Any pictures in the records below must be left out when you repeat the lines from the line containing "그리고 디자인을 한 번" through the line containing "Add some luxury" exactly.

THE DATA:

::::

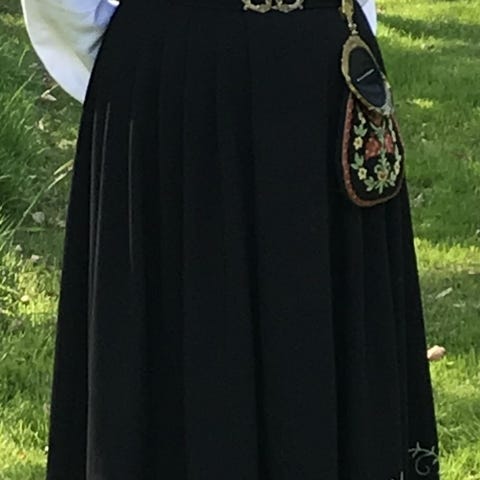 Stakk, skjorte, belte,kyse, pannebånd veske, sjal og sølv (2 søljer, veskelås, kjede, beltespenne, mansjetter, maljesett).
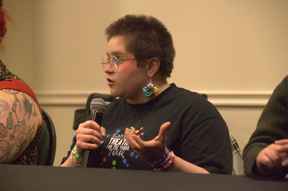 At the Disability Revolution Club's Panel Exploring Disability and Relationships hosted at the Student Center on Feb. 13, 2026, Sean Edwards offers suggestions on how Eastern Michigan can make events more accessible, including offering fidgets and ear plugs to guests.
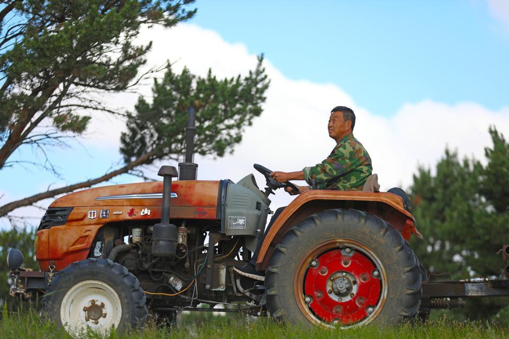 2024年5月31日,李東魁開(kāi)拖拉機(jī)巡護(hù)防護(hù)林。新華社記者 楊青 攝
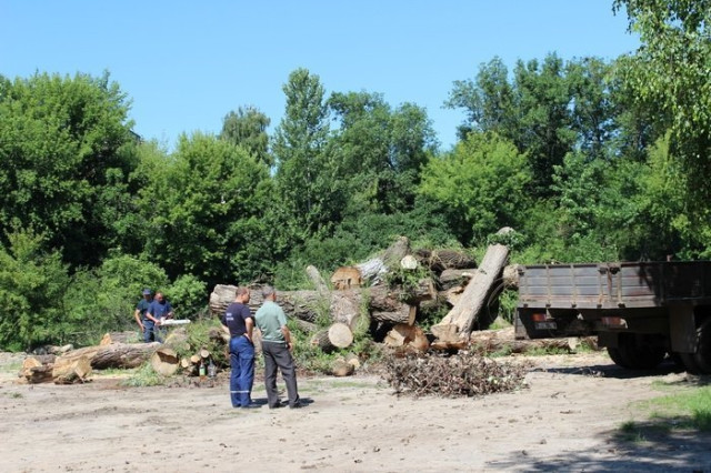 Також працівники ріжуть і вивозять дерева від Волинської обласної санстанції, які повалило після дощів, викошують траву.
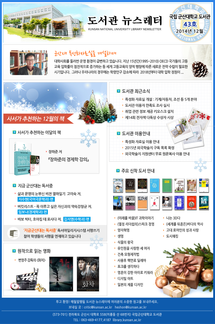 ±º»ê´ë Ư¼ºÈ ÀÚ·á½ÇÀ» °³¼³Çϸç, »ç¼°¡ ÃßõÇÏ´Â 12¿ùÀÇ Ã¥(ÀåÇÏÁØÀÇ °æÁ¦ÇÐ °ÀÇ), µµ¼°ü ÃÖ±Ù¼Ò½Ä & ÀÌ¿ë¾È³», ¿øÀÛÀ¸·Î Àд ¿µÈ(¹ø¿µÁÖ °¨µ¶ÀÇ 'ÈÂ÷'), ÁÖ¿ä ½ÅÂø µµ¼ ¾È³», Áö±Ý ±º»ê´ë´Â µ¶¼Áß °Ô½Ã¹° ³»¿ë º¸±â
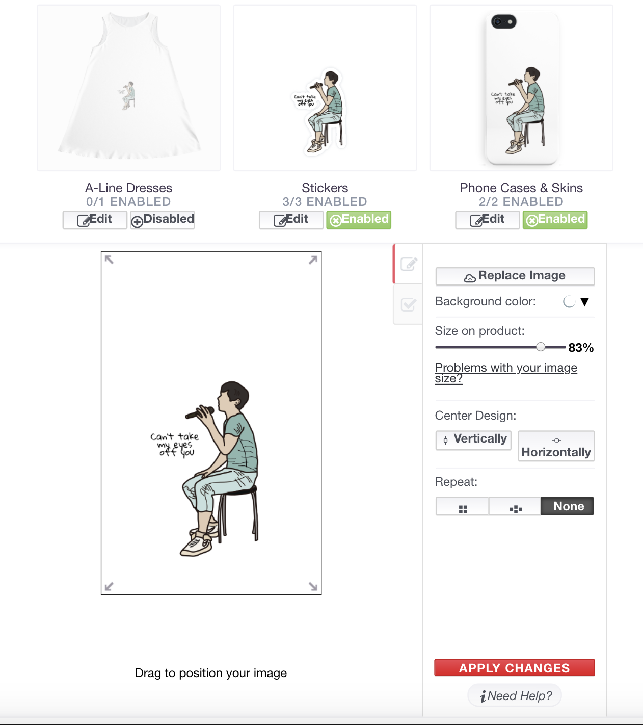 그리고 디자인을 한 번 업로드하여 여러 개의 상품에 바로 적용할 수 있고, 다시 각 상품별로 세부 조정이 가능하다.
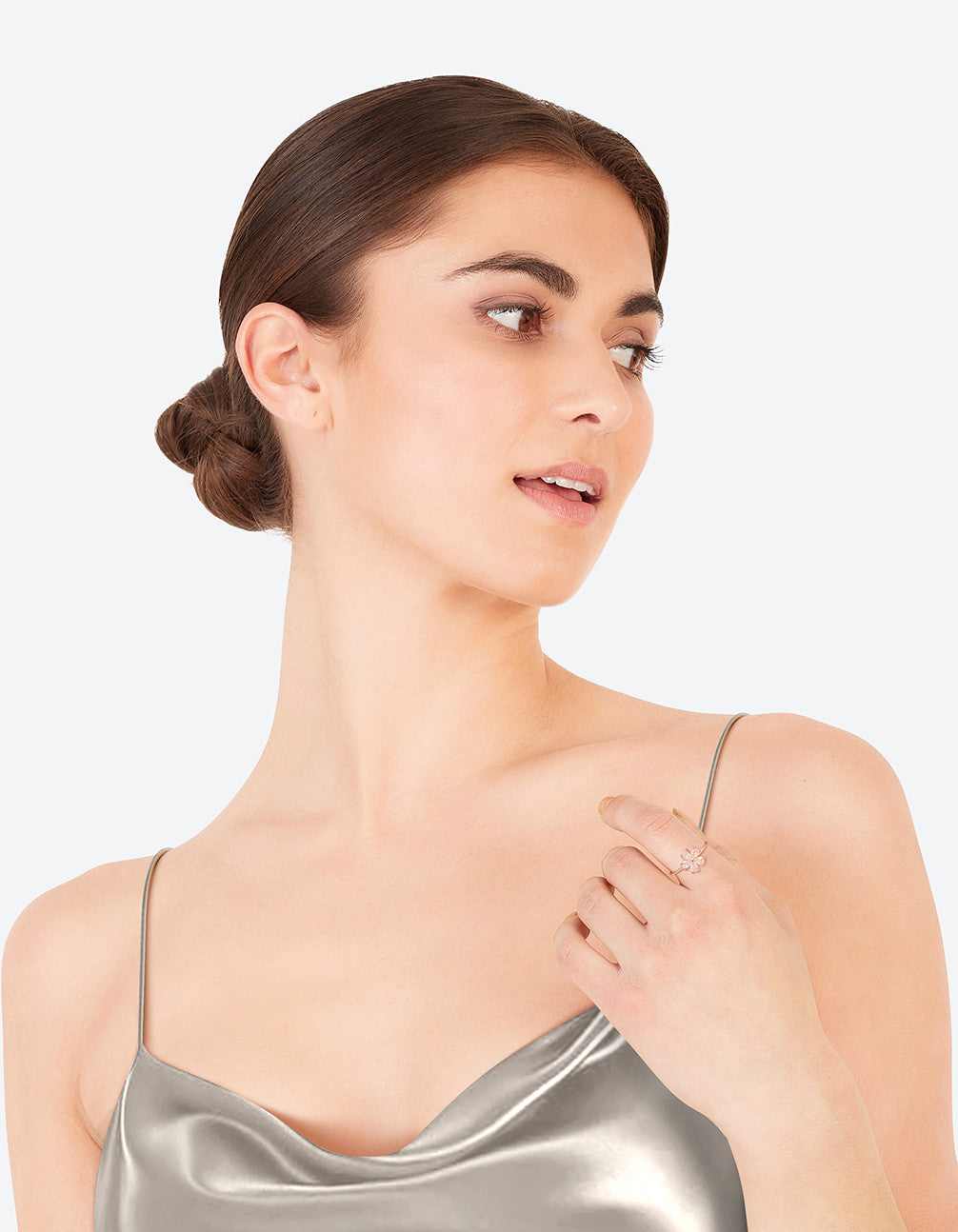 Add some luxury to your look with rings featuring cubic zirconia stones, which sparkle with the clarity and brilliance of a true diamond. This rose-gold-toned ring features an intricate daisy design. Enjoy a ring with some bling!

::::

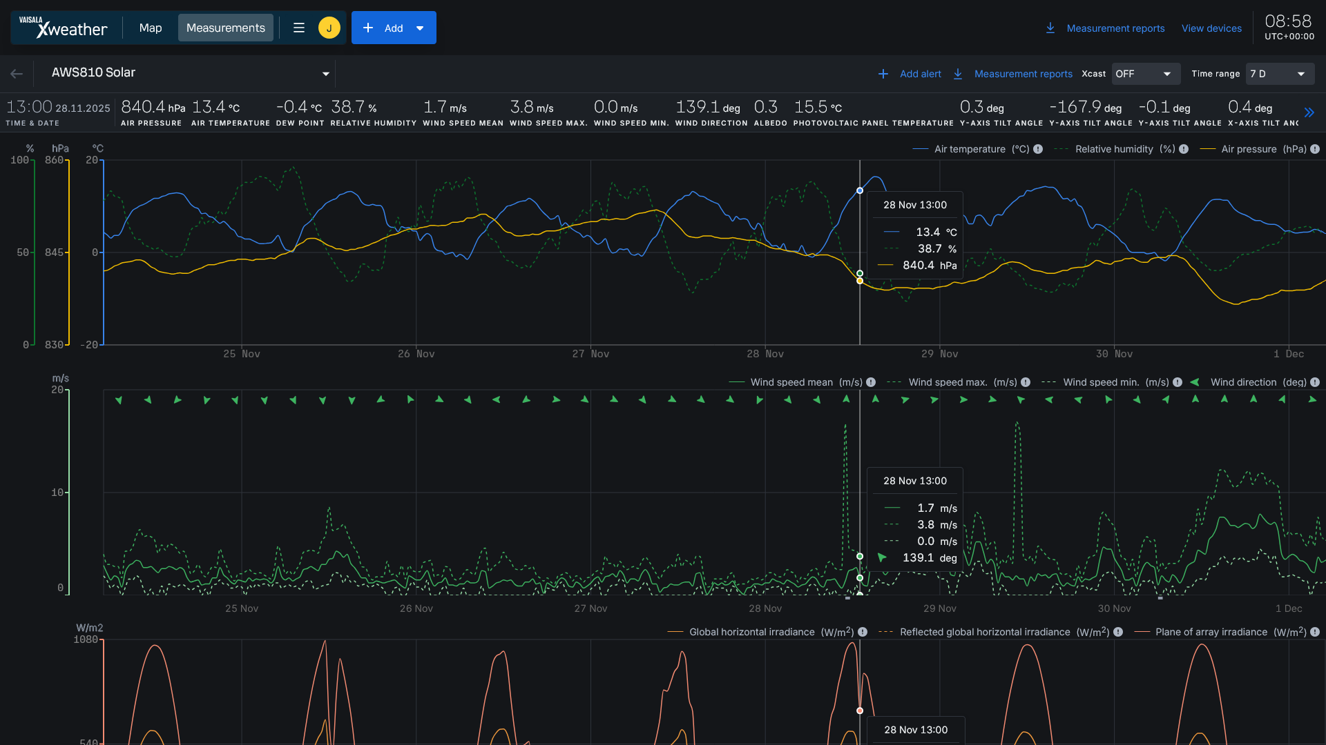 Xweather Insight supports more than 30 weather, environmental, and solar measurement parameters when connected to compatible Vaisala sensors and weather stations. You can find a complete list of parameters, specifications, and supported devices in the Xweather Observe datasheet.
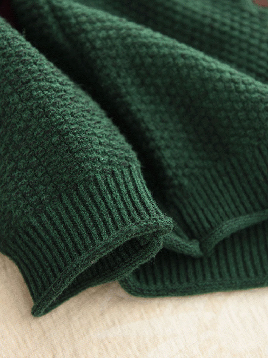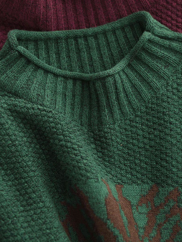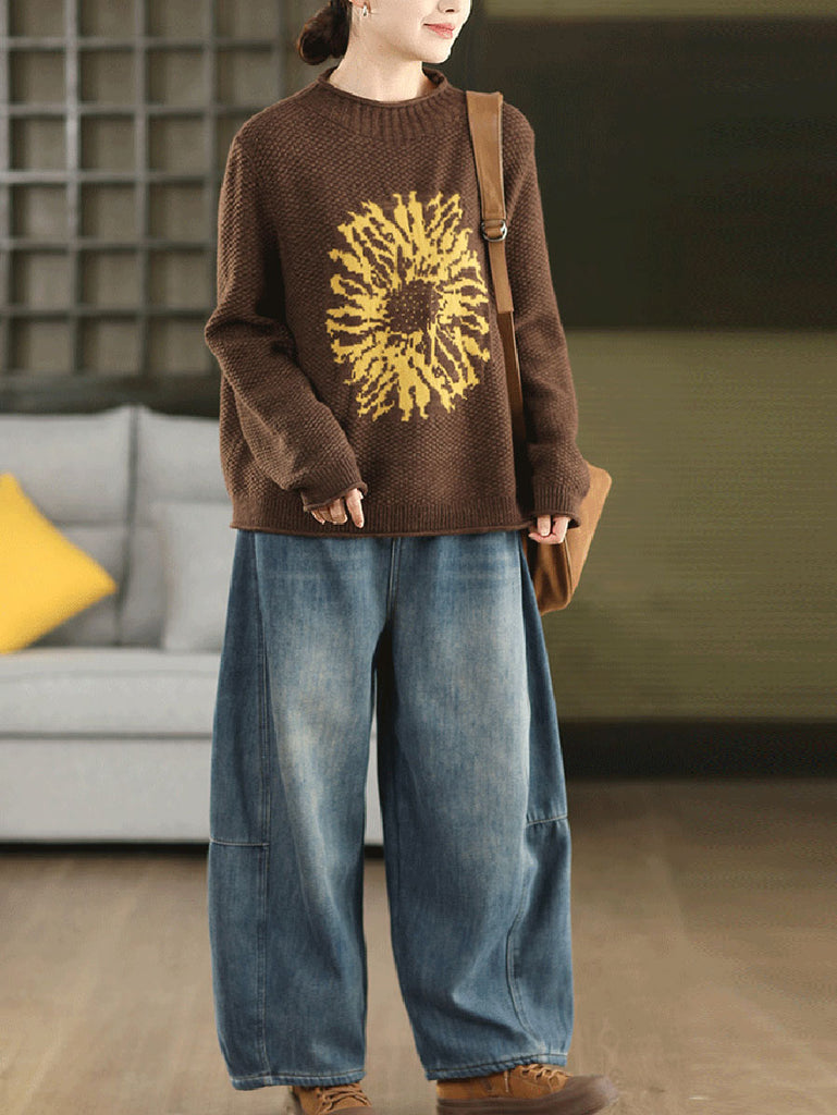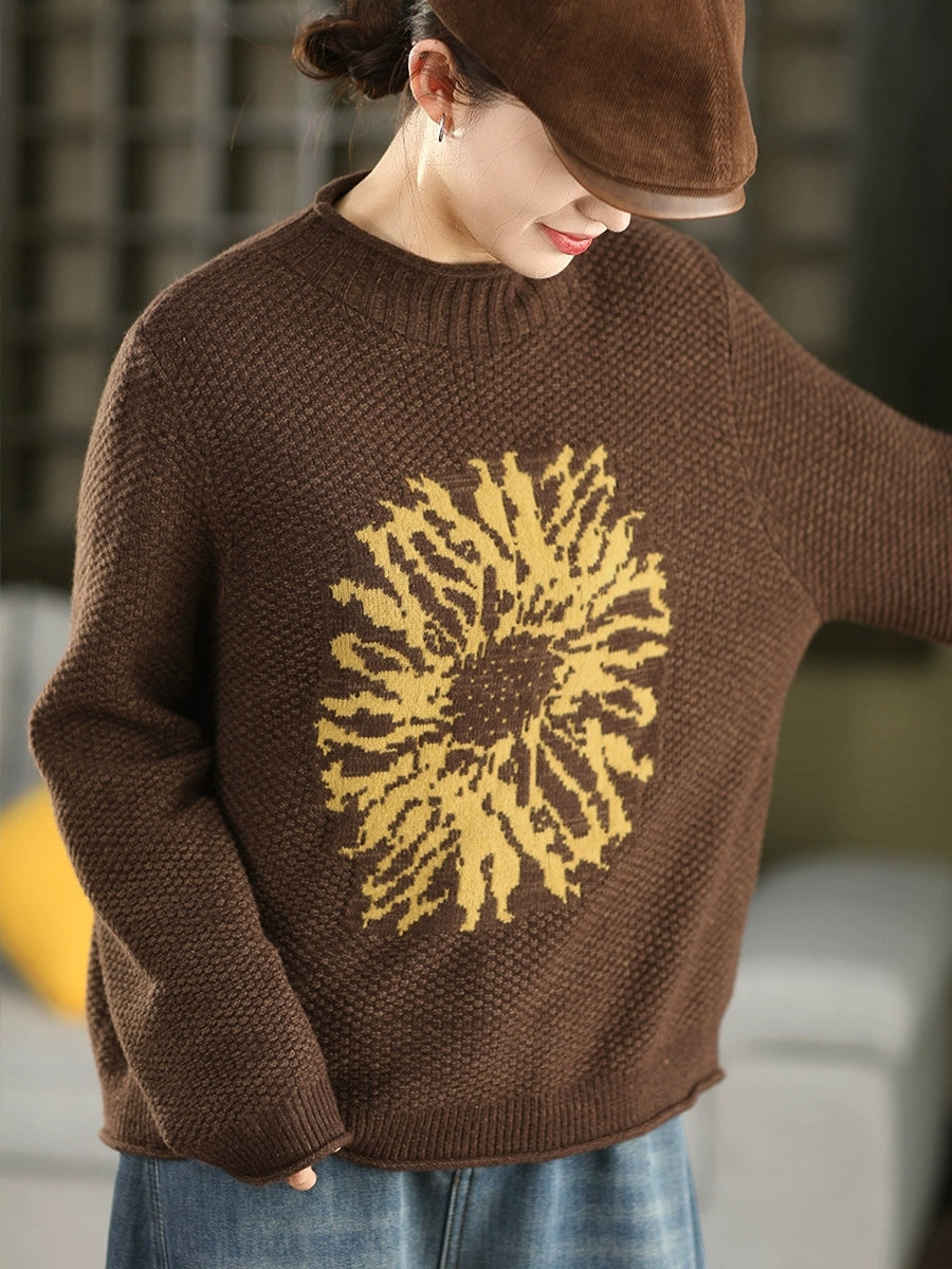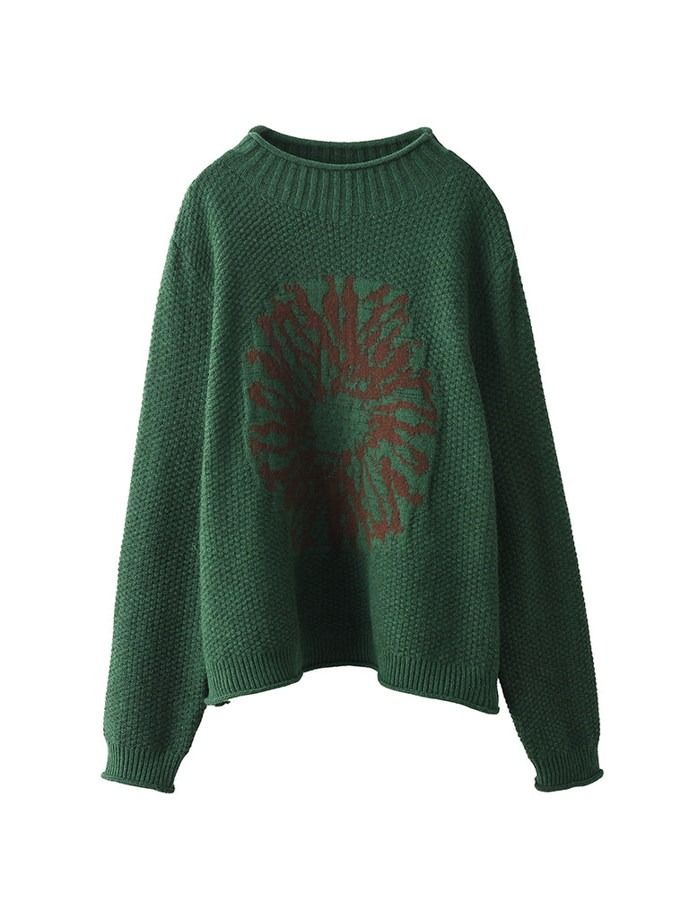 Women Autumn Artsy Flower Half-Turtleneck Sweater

::::

EXERCISE RESPONSE:
 그리고 디자인을 한 번 업로드하여 여러 개의 상품에 바로 적용할 수 있고, 다시 각 상품별로 세부 조정이 가능하다.
 Add some luxury to your look with rings featuring cubic zirconia stones, which sparkle with the clarity and brilliance of a true diamond. This rose-gold-toned ring features an intricate daisy design. Enjoy a ring with some bling!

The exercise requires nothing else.